DATA SECTION:
——

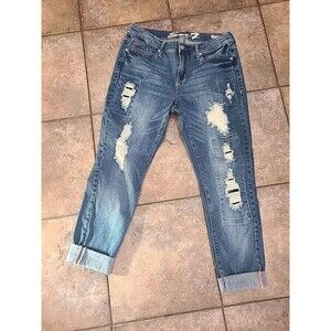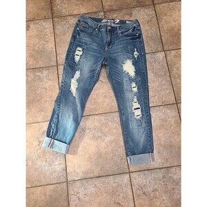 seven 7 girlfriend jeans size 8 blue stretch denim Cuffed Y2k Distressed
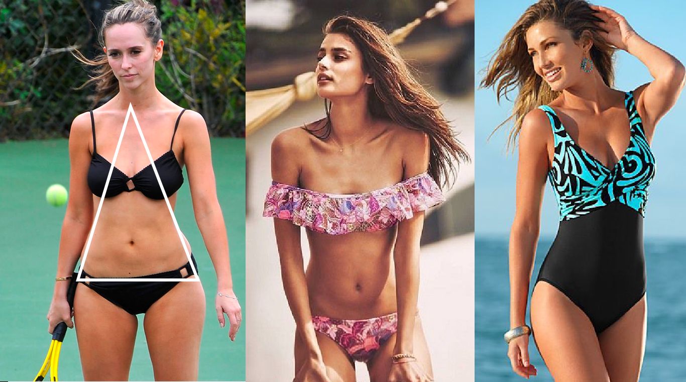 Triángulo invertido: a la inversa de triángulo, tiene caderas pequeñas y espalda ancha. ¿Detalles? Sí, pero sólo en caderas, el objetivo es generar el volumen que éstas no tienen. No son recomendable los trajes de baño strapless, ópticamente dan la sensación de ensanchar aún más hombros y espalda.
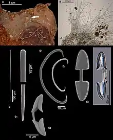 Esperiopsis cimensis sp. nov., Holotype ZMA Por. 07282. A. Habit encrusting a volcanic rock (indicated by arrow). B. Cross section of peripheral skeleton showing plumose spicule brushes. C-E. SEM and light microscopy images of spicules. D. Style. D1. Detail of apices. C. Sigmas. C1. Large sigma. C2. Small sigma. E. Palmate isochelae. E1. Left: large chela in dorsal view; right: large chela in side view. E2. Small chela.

——

TASK:
Transcribe each line above verbatim, with the pictures left out.

RESPONSE:
 seven 7 girlfriend jeans size 8 blue stretch denim Cuffed Y2k Distressed
 Triángulo invertido: a la inversa de triángulo, tiene caderas pequeñas y espalda ancha. ¿Detalles? Sí, pero sólo en caderas, el objetivo es generar el volumen que éstas no tienen. No son recomendable los trajes de baño strapless, ópticamente dan la sensación de ensanchar aún más hombros y espalda.
 Esperiopsis cimensis sp. nov., Holotype ZMA Por. 07282. A. Habit encrusting a volcanic rock (indicated by arrow). B. Cross section of peripheral skeleton showing plumose spicule brushes. C-E. SEM and light microscopy images of spicules. D. Style. D1. Detail of apices. C. Sigmas. C1. Large sigma. C2. Small sigma. E. Palmate isochelae. E1. Left: large chela in dorsal view; right: large chela in side view. E2. Small chela.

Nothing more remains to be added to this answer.